Rodriguez v. 551 Realty LLC

Order, Supreme Court, New York County (Shirley Werner Kornreich, J), entered March 9, 2006, which denied plaintiffs motion to strike defendants’ answer and for summary judgment as to liability as a sanction for defendants’ spoliation of evidence, and directed that a spoliation charge be given to the jury at trial, unanimously modified, on the law, the facts and in the exercise of discretion, to the extent of striking the sanction, without prejudice to an application by plaintiff at trial for an adverse inference charge, and otherwise affirmed, without costs.

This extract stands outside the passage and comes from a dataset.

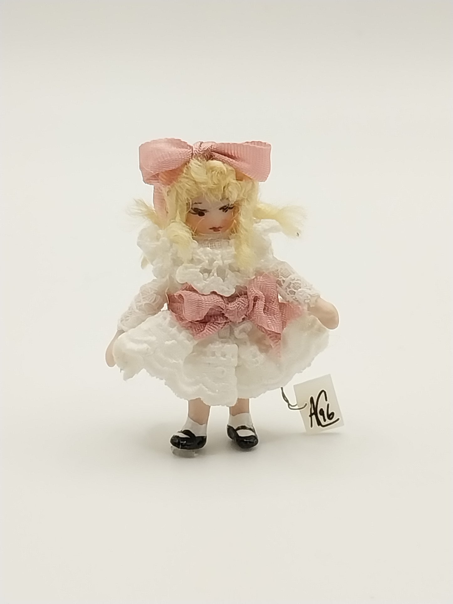 This Baby Doll is made by Artisan Ethel Hicks of Angel Children. Baby Doll is wearing a white lace dress with rose ribbon. She has blonde hair with rose ribbon bow.

The complaint alleges that a stove in residential premises owned and managed by defendants exploded, causing plaintiff to sustain serious injury. Several days later, defendants’ building superintendent disposed of the stove.

The record raises questions of fact as to whether defendants had notice of the allegedly defective stove. In addition, plaintiff is in possession of photographs of the stove taken shortly after the accident that afforded information to permit her expert to prepare an affidavit concluding that it was in fact defective (see Tommy Hilfiger, USA v Commonwealth Trucking, 300 AD2d 58, 60 [2002]). Thus, the court properly exercised its discretion in denying plaintiffs motion to strike the answer (see Ifraimov v Phoenix Indus. Gas, 4 AD3d 332, 334 [2004]; Chiu Ping Chung v Caravan Coach Co., 285 AD2d 621, 622 [2001]). However, plaintiff may, if so advised, seek an adverse inference charge at trial (see Linarello v City Univ. of N.Y., 6 AD3d 192, 194 [2004]; Balaskonis v HRH Constr. Corp., 1 AD3d 120, 121 [2003] [“a sanction appropriately ‘tailored’ to achieve a fair result”]). Concur—Tom, J.P., Marlow, Sullivan, McGuire and Malone, JJ.